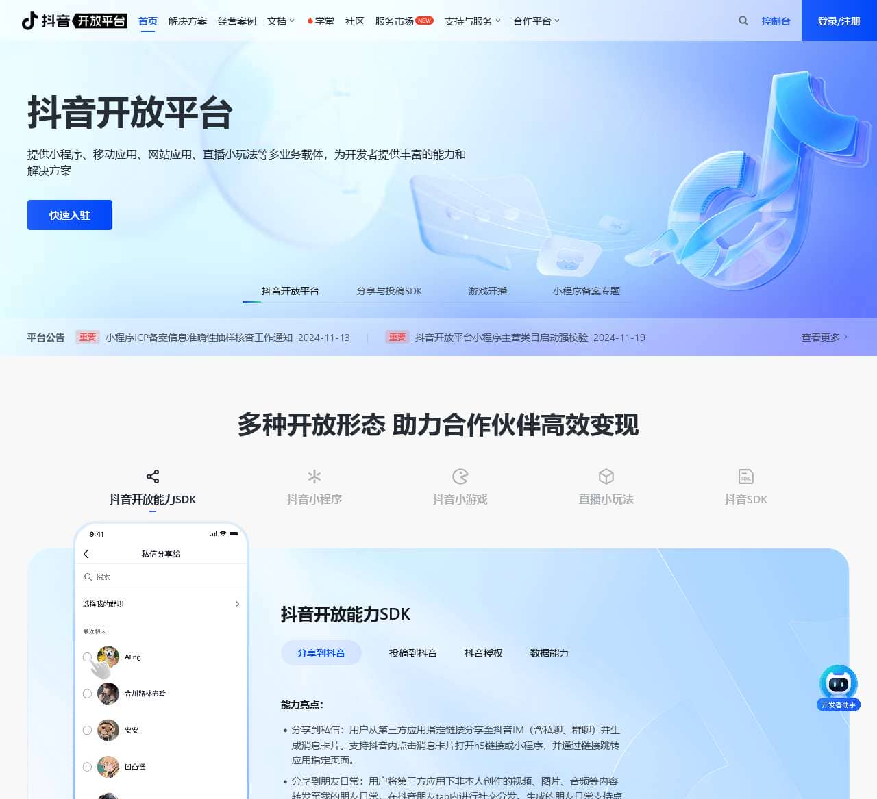 基于抖音丰富的场景,面向开发者提供创建、经营抖音小程序的全流程能力,满足在抖音上获客-留存-转化-复访-促活过程中的个性化业务需求。同时提供能力开放的应用生态,支持开发者自有的移动或网站应用接入抖音开放能力。
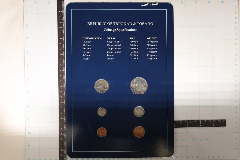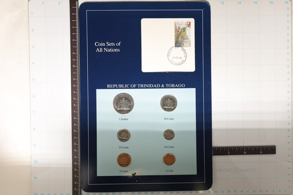 AND TOBAGO", 6 COIN BRILLIANT UNC SET ON BLUE CARDBOARD WITH CANCELLED STAMP
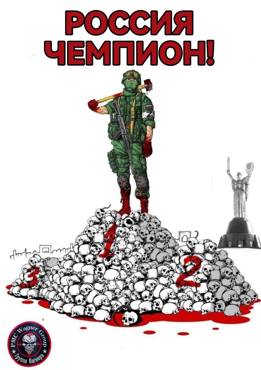 Вагнеровцы не придумали ничего лучше. Они решили украсть эту иллюстрацию, коряво обрезать ее и наклеить на нее собственную надпись. Пожалуй, у Paint. Так, иллюстрация вагнеровца-убийцы превратилась в плакат, на котором Россия, видите ли, чемпион. И вагнеровцы очень гордятся тем, что убивают как украинских защитников, так и мирное население.

────────────────────

INSTRUCTIONS TO FOLLOW »
The required output is each line above restated verbatim, with all images omitted.

TASK ANSWER »
 基于抖音丰富的场景,面向开发者提供创建、经营抖音小程序的全流程能力,满足在抖音上获客-留存-转化-复访-促活过程中的个性化业务需求。同时提供能力开放的应用生态,支持开发者自有的移动或网站应用接入抖音开放能力。
 AND TOBAGO", 6 COIN BRILLIANT UNC SET ON BLUE CARDBOARD WITH CANCELLED STAMP
 Вагнеровцы не придумали ничего лучше. Они решили украсть эту иллюстрацию, коряво обрезать ее и наклеить на нее собственную надпись. Пожалуй, у Paint. Так, иллюстрация вагнеровца-убийцы превратилась в плакат, на котором Россия, видите ли, чемпион. И вагнеровцы очень гордятся тем, что убивают как украинских защитников, так и мирное население.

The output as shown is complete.